La rivoluzione abbaside fu importantissima anche dal punto di vista sociale: soggetto
della storia non furono più le vecchie tribù nomadi e guerriere, ma una borghesia
attiva e spesso agiata che nella pace e nel benessere generale fioriva esercitando la
mercatura, coltivando gli studi e le arti. Se la società abbaside conosceva uno
sviluppo culturale e civile ignoto alle età precedenti, l'organizzazione dello Stato
segnava anch'essa un sensibile progresso. Il califfo accentrava in linea di diritto tutti i
poteri, ma nella pratica delegava il potere civile a un visir (che di fatto finì spesso per
usurpare l'autorità del califfo), quello giudiziario a un giudice supremo e infine il
potere militare a un generale, il capo o emiro. Il governo constava di molti e ben
organizzati uffici, tra cui i più importanti erano quelli delle imposte, dei conti, dei
servizi postali (che provvedeva anche al servizio delle informazioni, ossia allo
spionaggio): una burocrazia influente stendeva così la sua rete su tutto l'impero. Le
province erano rette da governatori, detti anch'essi emiri, che, data la vastità
dell'impero e la difficoltà delle comunicazioni, tesero sempre più a rendersi autonomi,
tanto che negli ultimi secoli dell'epoca abbaside la loro soggezione al governo
califfale si fece sempre più problematica. Anche l'organizzazione militare segnò
notevoli progressi e la guerra non consistette più in rapide disordinate incursioni, ma
divenne arte e scienza nelle mani di ufficiali particolarmente addestrati. Si ricorse
sempre più spesso a milizie mercenarie, a volte avide e prepotenti così da costituire
un pericolo per lo Stato, ma indubbiamente agguerrite e idonee alle lunghe
campagne. L'età dell'oro degli Abbasidi corrispose press'a poco al primo secolo del
loro dominio. Al tempo di Harūn ar-Rašīd, il più famoso dei califfi abbasidi, Baghdad
contava più di un milione di abitanti e una parte almeno della sua popolazione vi
conduceva vita splendida. Già appariva però qualche segno di decadenza: in Africa e
in Persia alcune province si distaccavano dall'impero, accettando solo un vincolo di
vassallaggio. L'incertezza delle norme per la successione (Harūn aveva diviso
l'impero tra i suoi due figli) condusse a una guerra fratricida; il vincitore, al-Ma'mūn
(813-833), riunificò alfine lo Stato, protesse la scienza e la cultura e fece di Baghdad
il maggiore centro intellettuale del mondo islamico.

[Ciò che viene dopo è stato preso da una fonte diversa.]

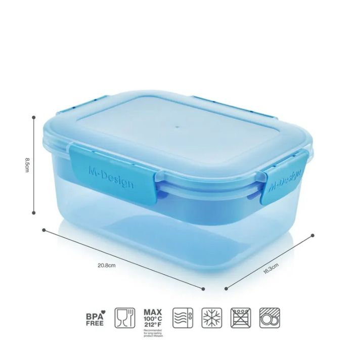 Designed for life on the move, this Fresco lunch box keeps meals looking fresh and packed neatly from the moment you close the lid to the moment you open it. Lock-tight clips and a rubber seal help protect your food on the go, while the removable tray makes it easy to separate snacks and portions without mixing flavors. Built for everyday convenience, it’s made to handle busy routines with practical durability and a clean, modern feel.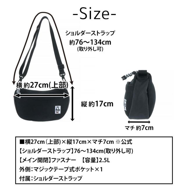 | サイズ(約) ※当店実寸値 | 公式サイズ 横(上部)27cm×縦17cm×マチ7cm 【ショルダーベルト長さ】76cm〜134cm(幅2.5cm、取外し可) 【容量】2.5L | ||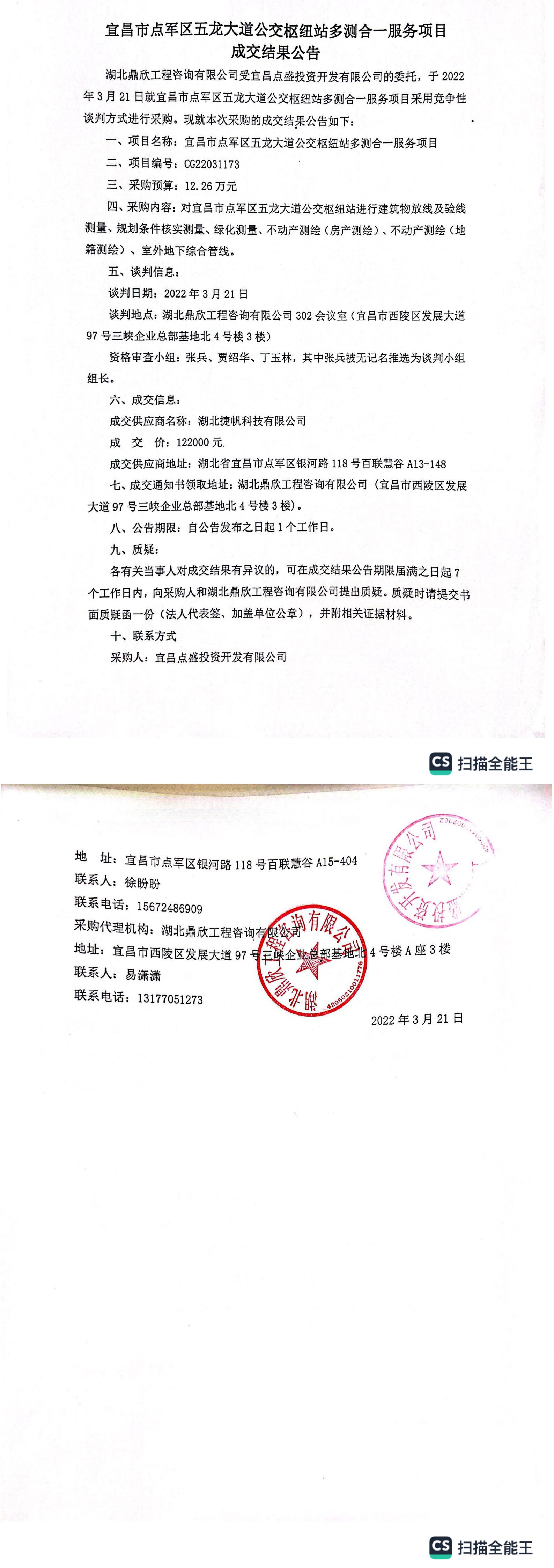 宜昌市點軍區(qū)五龍大道公交樞紐站多測合一服務(wù)項目成交結(jié)果公告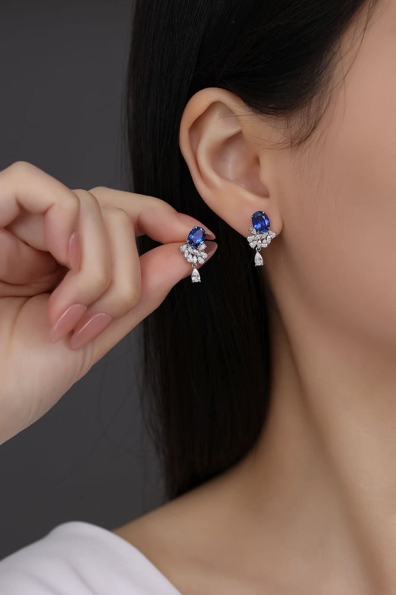 2カラット育成ロイヤルサファイアピアス戴妃女高級感小衆気質ペンダント誕生日バレンタインデープレゼント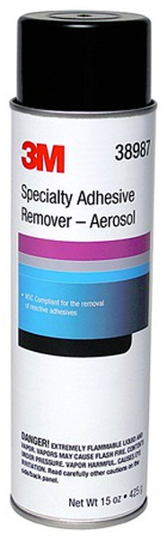 The 3M Specialty Adhesive Remover is an aerosol VOC compliant solvent-based specialty adhesive remover. It is designed to remove reactive adhesives from a variety of substrates. Reactive adhesives include adhesives that require a hardener or catalyst in order for the bond to occur. Examples of reactive adhesives include, but are not limited to: epoxies; urethanes; silicones. When properly used, it will not harm thoroughly dried paint, vinyl or fabrics.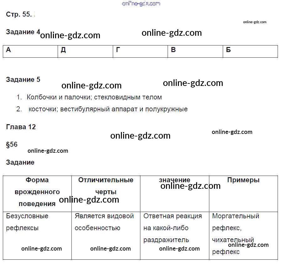 Готовые домашние задания по Биологии за 8 класс Рабочая тетрадь Маш, Драгомилов Алгоритм успеха 2019 - Часть 2. Страницы 55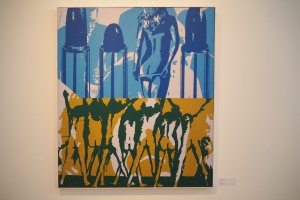 Wie so manch anderen zog es ihn und seine Frau in den Siebzigern von der damals noch eingeschlossenen Großstadt aufs Land. Die Wahl fiel auf Dithmarschen, wo beide viele Jahre lebten und arbeiteten. Die Tiere und der Kohl, die jetzt in seinen Bildern auftauchen, verdrängen die ohnehin schon relativ dünn gesäten Menschendarstellungen. Sie posieren selbstbewusst vor Angst einflößenden Symbolen einer bedrohlichen Zukunftsentwicklung: Düsenjäger, Atomkraftweke, oder vor mahnenden Relikten aus Deutschlands jüngerer Vergangenheit: Bunkerbeton ragt zwischen friedlich grasendem Nutzvieh und dem Deichgrün.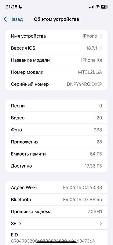 - Модель: iPhone XR (номер модели MT3L2LL/A)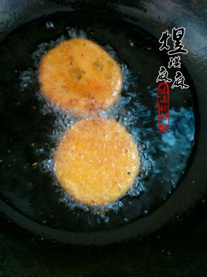 锅热,多放油,油热后,小火,放入南瓜饼炸到两面金黄即可。

La sua attività non riuscì però a
frenare, se non per breve tempo, la decadenza della dinastia. Sotto il regno di al-
Muʽtaṣim (833-842), infatti, fu necessario trasferire la capitale da Baghdad, divenuta
insicura, a Samarra e solo sul finire del secolo Baghdad riebbe l'antica funzione
(892). Dalla seconda metà del sec. IX l'elemento militare cominciò a prendere il
sopravvento a Baghdad e in breve l'amīr al-umarā, il comandante in capo, riuscì a
scalzare l'autorità del visir e persino quella del califfo. La supremazia politica
sfuggiva a poco a poco agli Abbasidi e già all'inizio del sec. X due altri califfi si
opponevano a quello di Baghdad: un fatimide in Africa settentrionale e un
discendente degli Omayyadi in Spagna. Nel sec. XI poi i Turchi Selgiuchidi,
provenienti dalle steppe dell'Asia centrale, cominciarono a penetrare nei territori
dell'impero. Nel 1055 essi entrarono a Baghdad e, accolti favorevolmente dal califfo,
imposero di fatto la loro autorità facendo valere la loro pesante tutela. Sullo scorcio
del sec. XII, spentosi ormai il vigore dei Selgiuchidi, un animoso califfo, an-Nāʽṣir,
riuscì per breve tempo a restaurare un califfato indipendente, ma nel 1258 l'invasione
dei Mongoli, che occuparono Baghdad, distruggendola in parte, e massacrarono il
califfo con tutti i suoi, pose fine al califfato abbaside.